> EXERCISE
Please output only the lines that begin at the line with "先日、6年生が家庭科の調理実" and run through the end of the entries below, exactly as written. Drop all pictures.

** DATA follows **

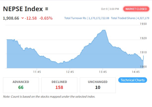 काठमाडौं । साता कारोबारको पहिलो दिन आईतबार ३५ अंकले घटेको नेप्सेमा आज दोस्रो दिन सोमबार पनि दोहोरो अंकको गिरावट आएको छ । आज नेप्से उपसूचक १२ अंकले घटेर १९०८ को विन्दुमा कायम भएको छ । आज ४३ लाख २७...
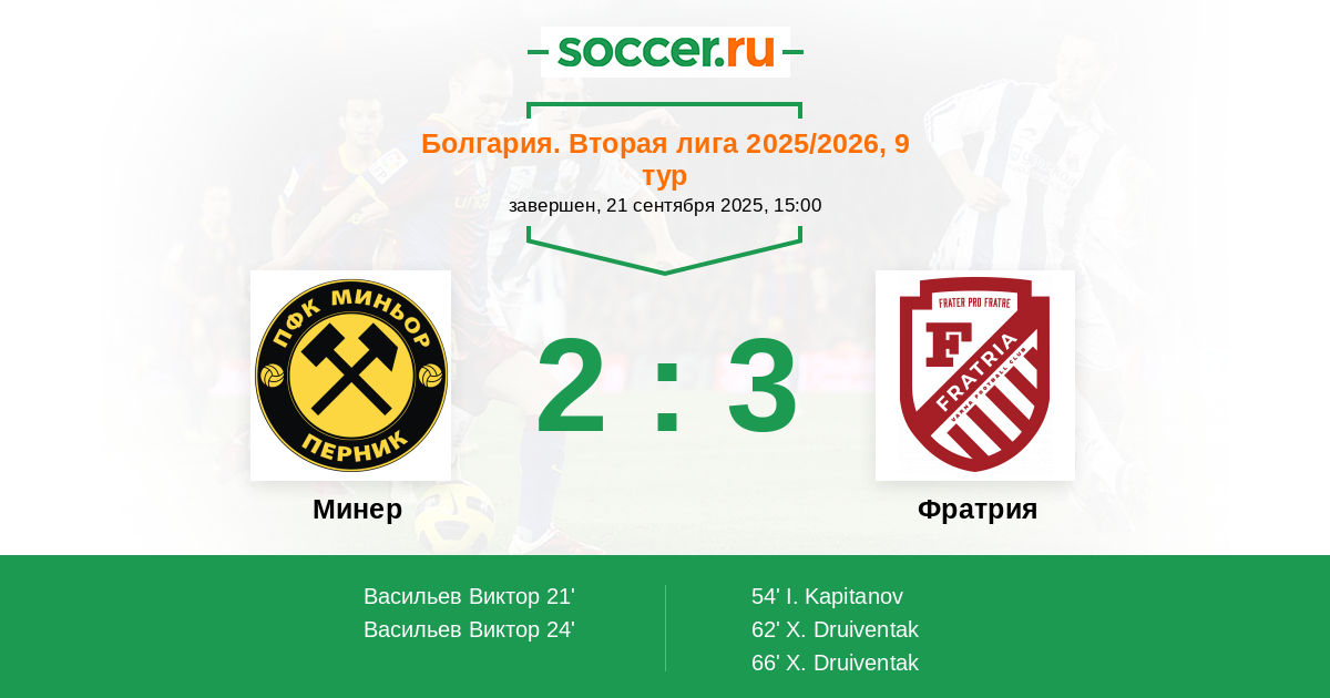 Протокол матча Минер против Фратрия
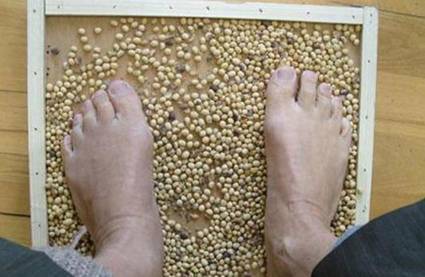 这个方法简单易行,比较适合初学者。在电视前面的地板上铺上黄豆,在看电视的同时,光脚在上面踩15分钟即可。因为黄豆的大小刚好,能够温和地刺激穴位,从而相对轻缓地促进新陈代谢,排毒和燃脂。但是要注意,当肚子太饿或者太饱的时候都不可用此法。做完后立刻喝杯水,排毒效果会更好。
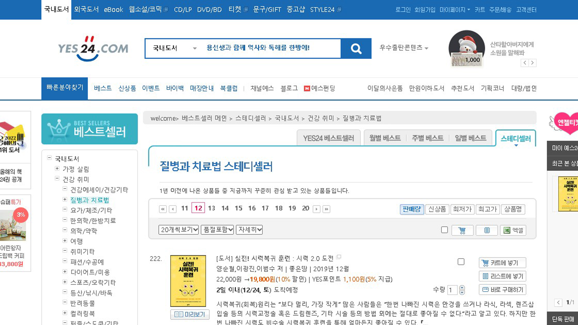 실전시력복귀훈련 예스24 2022년 12월 3주 22일 질병과치료법 베스트셀러 188위 스테디셀러 222위 TOP100 18주
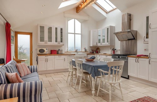 Bathroom: Bath With Shower Attachment, Toilet. LPC gas central heating (underfloor in living room and kitchen/dining room), electricity, gas, bed linen, towels and Wi-Fi included. Initial fuel for wood burner included. Travel cot, highchair and fireguard. Enclosed lawned back garden with sitting out areas, garden furniture and BBQ. Electric car charging available upon request with the owner direct. Private parking for 3 cars. No smoking. . Hopewell Barn has been converted to a high standard and boasts amazing views over the panoramic Wye Valley. Situated in the Forest of Dean, this barn conversion is a luxury ‘home from home’ with underfloor heating throughout the ground floor. The living room has an oak floor and a wood burner, perfect for those chillier evenings.
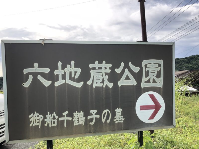 ところどころに六地蔵公園または御船千鶴子さんのお墓を示す看板があります。
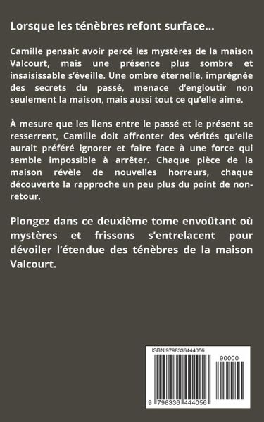 LES SECRETS DE LA MAISON VALCOURT: L'ombre éternelle Disponible en formats Kindle, broché et relié. Dans ce deuxième volet de la trilogie Les Secrets de la Maison Valcourt, intitulé L'Ombre Éternelle, Camille plonge plus profondément dans les mystères de la maison familiale. Après les révélations troublantes de L'Héritage Oublié, elle découvre que les forces obscures qui hantent la demeure sont liées à des pactes oubliés et des alliances séculaires scellées il y a des siècles. Camille explore des archives ancestrales et exhume des vérités enfouies qui remettent en question tout ce qu'elle pensait savoir sur sa famille. Mais chaque nouvelle révélation s'accompagne de conséquences imprévisibles. L'ombre, bien plus qu'un simple écho du passé, révèle son influence sur le présent et menace de bouleverser le destin des Valcourt. Alors que les tensions s'intensifient, Camille est confrontée à des choix déchirants: protéger les secrets du passé pour préserver la mémoire familiale ou tout révéler au risque de libérer une force qui pourrait tout détruire. Les alliances se brisent, la maison devient un champ de bataille, et Camille doit affronter une ombre plus vivante et puissante qu'elle n'aurait jamais imaginé. L'ombre éternelle est un thriller captivant mêlant mystère historique, suspense psychologique et ambiance sombre. Ce deuxième tome intensifie l'intrigue et rapproche Camille de la vérité, tout en l'entraînant au bord du danger. Pourquoi lire ce livre ? * Thriller à suspense: Une tension croissante à chaque révélation. * Mystère historique: Des secrets ancestraux qui influencent le présent. * Romans noirs: Une atmosphère sombre et oppressante qui captive. Commandez dès maintenant L'Ombre Éternelle en formats Kindle, broché ou relié, et laissez-vous emporter par ce second tome palpitant qui vous tiendra en haleine jusqu'à la dernière page.
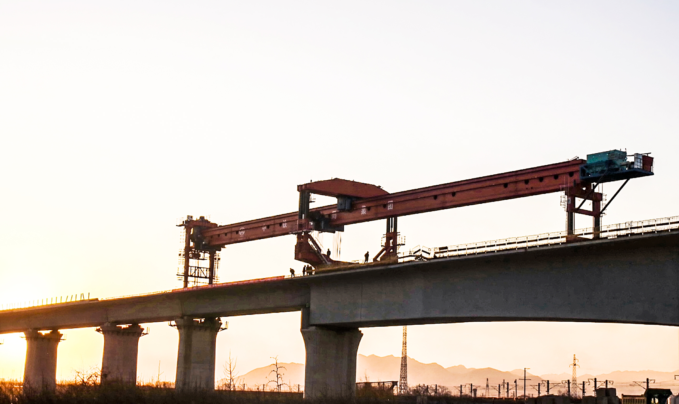 雄忻高铁正线全长约342公里,其中山西段工程约122公里,所需预制、架设箱梁共计1669孔。中国中铁旗下中铁三局承建雄忻高铁山西段4标正线全长31.15公里,共需架设箱梁651孔。该段自五台站特大桥34号墩至同河特大桥8号墩为连续下坡段落,最大坡度30‰,且架梁需要穿越5座隧道,桥隧、桥跨转换频繁,给架梁施工带来了极大挑战。
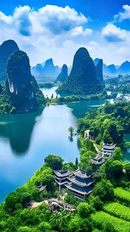 漓江景区:漓江是桂林之美的典范,以其两岸奇峰林立、碧水环绕的自然风光而闻名。乘坐竹筏或游船游览漓江,可以欣赏到如诗如画的绝美风光,是桂林旅游的必游之地。
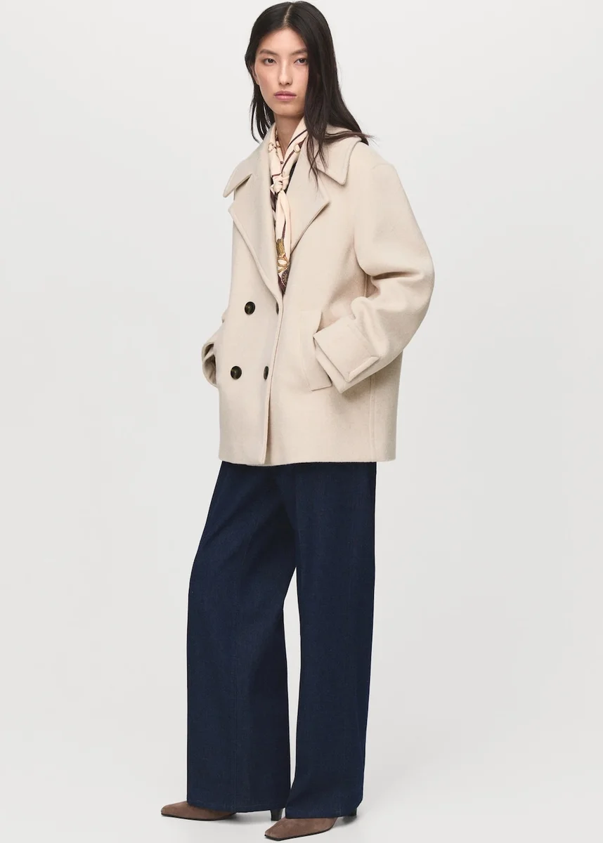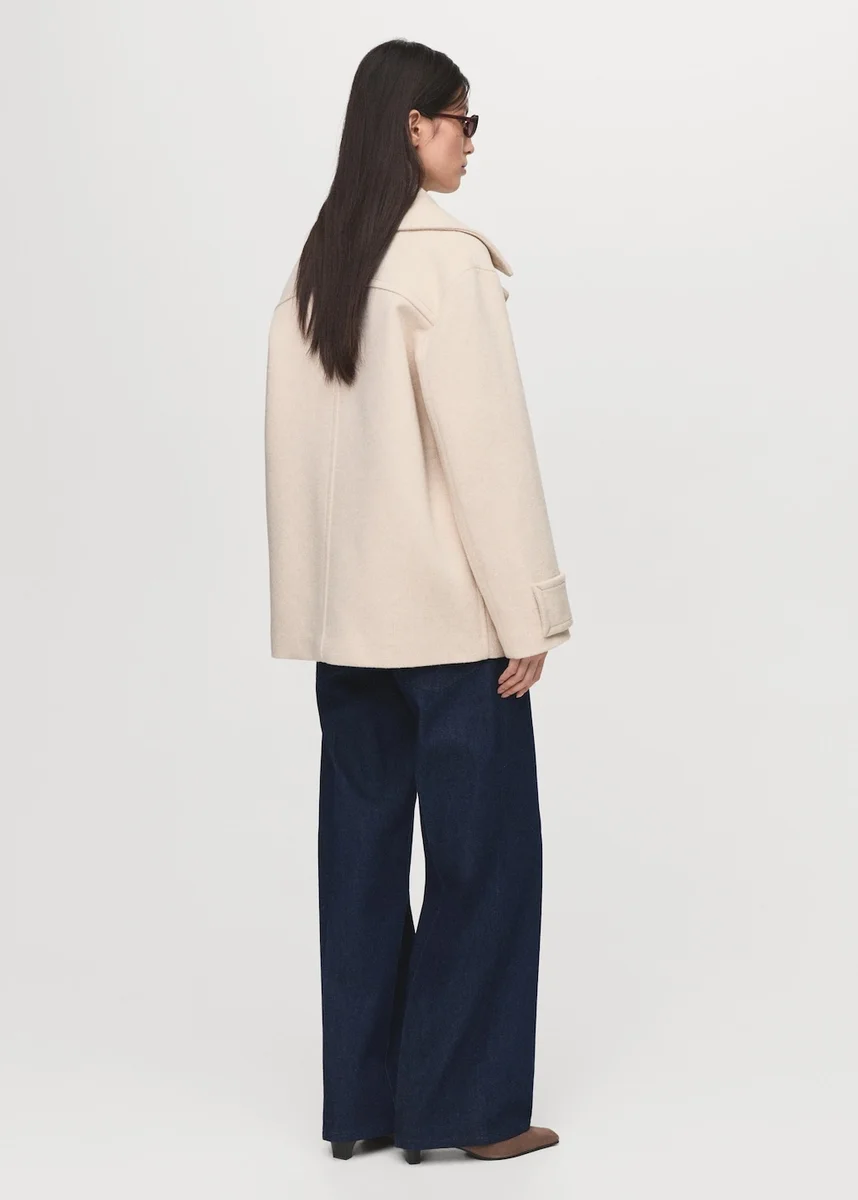 Mieszanka wełny. Fason kopertowy. Prosty krój. Kołnierz z wycięciem. Klapy z wycięciem. Długie rękawy z mankietami zapinanymi na guziki. Dwie kieszenie boczne. Zapięcie z przodu na krzyżowe guziki. Podszewka wewnętrzna.
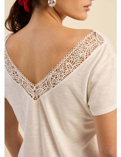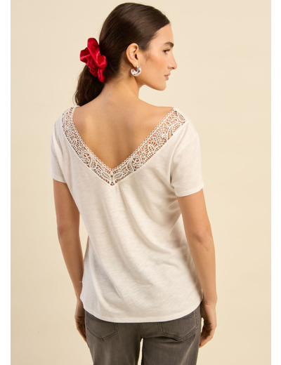 Le t-shirt TISTOU combine simplicité et élégance avec son col V et son décolleté dans le dos subtilement mis en valeur par une broderie rapportée. Confectionné dans une matière douce et légère, il assure un confort optimal tout au long de la journée. Ses manches courtes et sa coupe fluide en font une pièce facile à porter, idéale pour une allure à la fois décontractée et sophistiquée. Le détail de la broderie dans le dos apporte une touche délicate et raffinée. Il s’associe parfaitement avec un jean ou une jupe pour un look harmonieux et féminin.
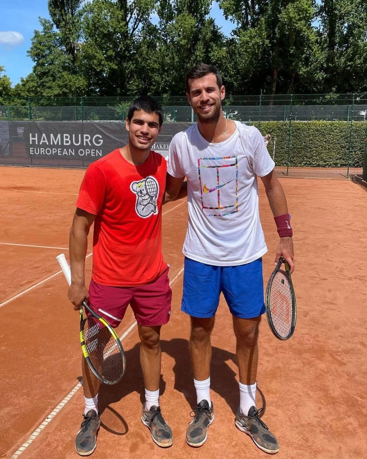 «Продолжаю готовиться к дебюту в Гамбурге 🔨🥵. Хорошая тренировка, Карен 😏», – написал Алькарас.
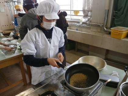先日、6年生が家庭科の調理実習でお弁当作りを行いました。栄養士さんがたくさん指導してくださいました。子供たちもよく頑張っていました。
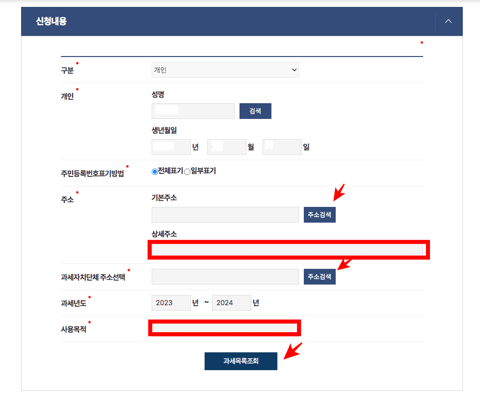 신청내용에 ‘주소검색’ 버튼을 클릭하여 주소입력 상세주소 입력 후, 하단 과세자치 단체주소선택 우측의 주소검색을 클릭하여 동일한 주소와 관할기관을 선택합니다. 과세 연도를 설정하고 사용목적을 조회라고 입력한 후 하단의 과세목록조회 버튼을 클릭합니다.

** End of DATA **

> RESPONSE TO THE EXERCISE
先日、6年生が家庭科の調理実習でお弁当作りを行いました。栄養士さんがたくさん指導してくださいました。子供たちもよく頑張っていました。
 신청내용에 ‘주소검색’ 버튼을 클릭하여 주소입력 상세주소 입력 후, 하단 과세자치 단체주소선택 우측의 주소검색을 클릭하여 동일한 주소와 관할기관을 선택합니다. 과세 연도를 설정하고 사용목적을 조회라고 입력한 후 하단의 과세목록조회 버튼을 클릭합니다.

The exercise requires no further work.